> [Exercise goal]:
The material below holds the lines to copy: from the one with "夏火松教授为全院教师作了题为" up to and including the one with "Picturi rotunde Ramuri de". Copy them exactly and skip the pictures.

> [Material supplied]:
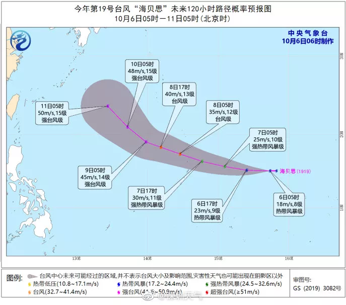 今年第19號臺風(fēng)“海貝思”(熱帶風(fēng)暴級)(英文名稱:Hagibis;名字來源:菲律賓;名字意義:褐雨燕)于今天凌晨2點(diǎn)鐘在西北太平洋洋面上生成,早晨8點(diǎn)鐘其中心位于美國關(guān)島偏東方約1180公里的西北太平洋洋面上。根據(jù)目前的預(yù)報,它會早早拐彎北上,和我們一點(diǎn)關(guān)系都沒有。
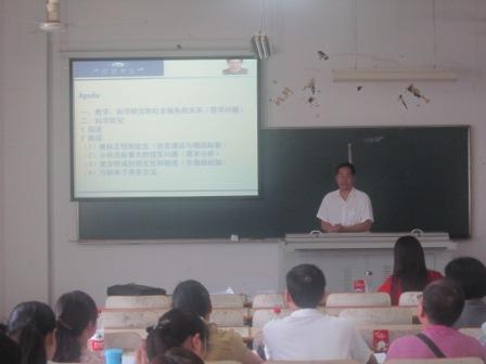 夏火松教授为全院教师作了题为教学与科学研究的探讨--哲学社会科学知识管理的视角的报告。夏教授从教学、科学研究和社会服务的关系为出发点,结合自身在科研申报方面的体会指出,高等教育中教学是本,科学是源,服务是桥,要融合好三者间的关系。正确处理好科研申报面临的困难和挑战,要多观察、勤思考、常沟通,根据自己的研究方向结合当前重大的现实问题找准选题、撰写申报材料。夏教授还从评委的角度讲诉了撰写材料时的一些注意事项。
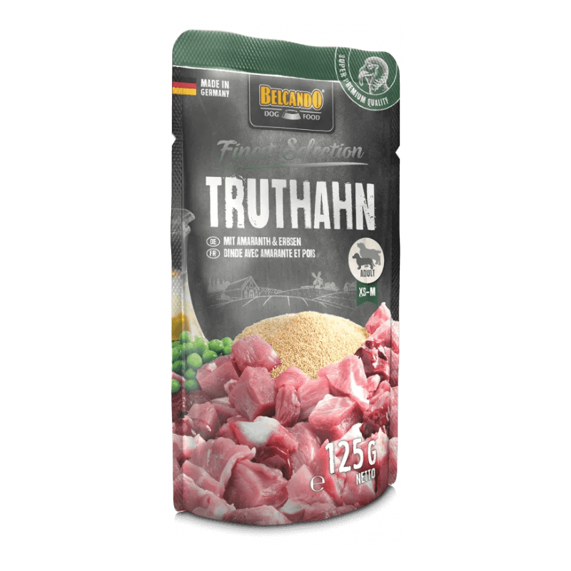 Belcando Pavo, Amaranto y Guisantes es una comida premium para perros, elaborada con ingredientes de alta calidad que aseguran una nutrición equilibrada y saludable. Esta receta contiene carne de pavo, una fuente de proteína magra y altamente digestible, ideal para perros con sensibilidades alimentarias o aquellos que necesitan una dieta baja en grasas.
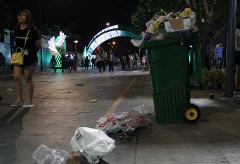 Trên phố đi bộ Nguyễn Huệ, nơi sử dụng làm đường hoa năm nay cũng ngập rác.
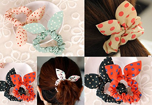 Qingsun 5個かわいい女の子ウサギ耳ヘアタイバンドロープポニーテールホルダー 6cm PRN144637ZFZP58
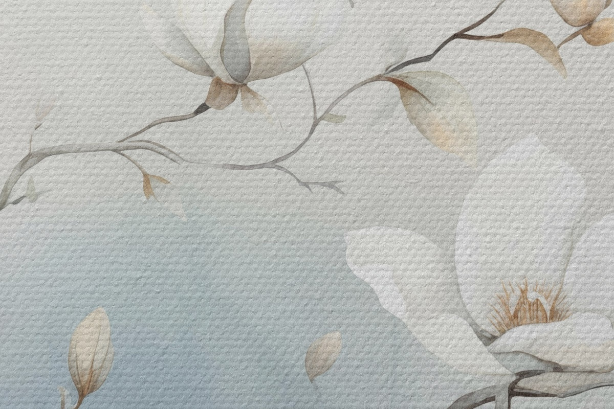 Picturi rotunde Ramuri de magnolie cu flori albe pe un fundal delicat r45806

==

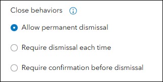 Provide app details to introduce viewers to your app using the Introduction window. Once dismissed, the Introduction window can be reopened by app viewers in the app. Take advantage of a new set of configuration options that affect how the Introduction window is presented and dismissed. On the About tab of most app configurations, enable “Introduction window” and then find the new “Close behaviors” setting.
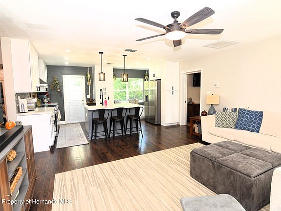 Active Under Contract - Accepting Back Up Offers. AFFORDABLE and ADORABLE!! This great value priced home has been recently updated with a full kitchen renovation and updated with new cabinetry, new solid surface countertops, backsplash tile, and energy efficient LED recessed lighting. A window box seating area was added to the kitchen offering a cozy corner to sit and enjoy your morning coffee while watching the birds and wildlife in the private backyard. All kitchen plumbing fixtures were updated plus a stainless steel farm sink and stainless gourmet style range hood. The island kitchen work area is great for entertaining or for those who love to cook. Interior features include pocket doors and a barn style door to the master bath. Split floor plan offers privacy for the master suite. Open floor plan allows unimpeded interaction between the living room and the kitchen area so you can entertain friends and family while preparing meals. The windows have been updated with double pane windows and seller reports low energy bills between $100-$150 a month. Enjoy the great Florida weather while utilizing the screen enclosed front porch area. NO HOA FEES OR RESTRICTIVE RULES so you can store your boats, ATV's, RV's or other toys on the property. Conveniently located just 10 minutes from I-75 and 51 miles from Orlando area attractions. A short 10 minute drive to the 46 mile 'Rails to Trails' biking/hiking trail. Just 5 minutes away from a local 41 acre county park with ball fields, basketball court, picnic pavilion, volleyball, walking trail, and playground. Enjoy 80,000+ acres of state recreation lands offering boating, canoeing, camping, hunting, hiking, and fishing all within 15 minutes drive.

> [Solution for this problem]:
 夏火松教授为全院教师作了题为教学与科学研究的探讨--哲学社会科学知识管理的视角的报告。夏教授从教学、科学研究和社会服务的关系为出发点,结合自身在科研申报方面的体会指出,高等教育中教学是本,科学是源,服务是桥,要融合好三者间的关系。正确处理好科研申报面临的困难和挑战,要多观察、勤思考、常沟通,根据自己的研究方向结合当前重大的现实问题找准选题、撰写申报材料。夏教授还从评委的角度讲诉了撰写材料时的一些注意事项。
 Belcando Pavo, Amaranto y Guisantes es una comida premium para perros, elaborada con ingredientes de alta calidad que aseguran una nutrición equilibrada y saludable. Esta receta contiene carne de pavo, una fuente de proteína magra y altamente digestible, ideal para perros con sensibilidades alimentarias o aquellos que necesitan una dieta baja en grasas.
 Trên phố đi bộ Nguyễn Huệ, nơi sử dụng làm đường hoa năm nay cũng ngập rác.
 Qingsun 5個かわいい女の子ウサギ耳ヘアタイバンドロープポニーテールホルダー 6cm PRN144637ZFZP58
 Picturi rotunde Ramuri de magnolie cu flori albe pe un fundal delicat r45806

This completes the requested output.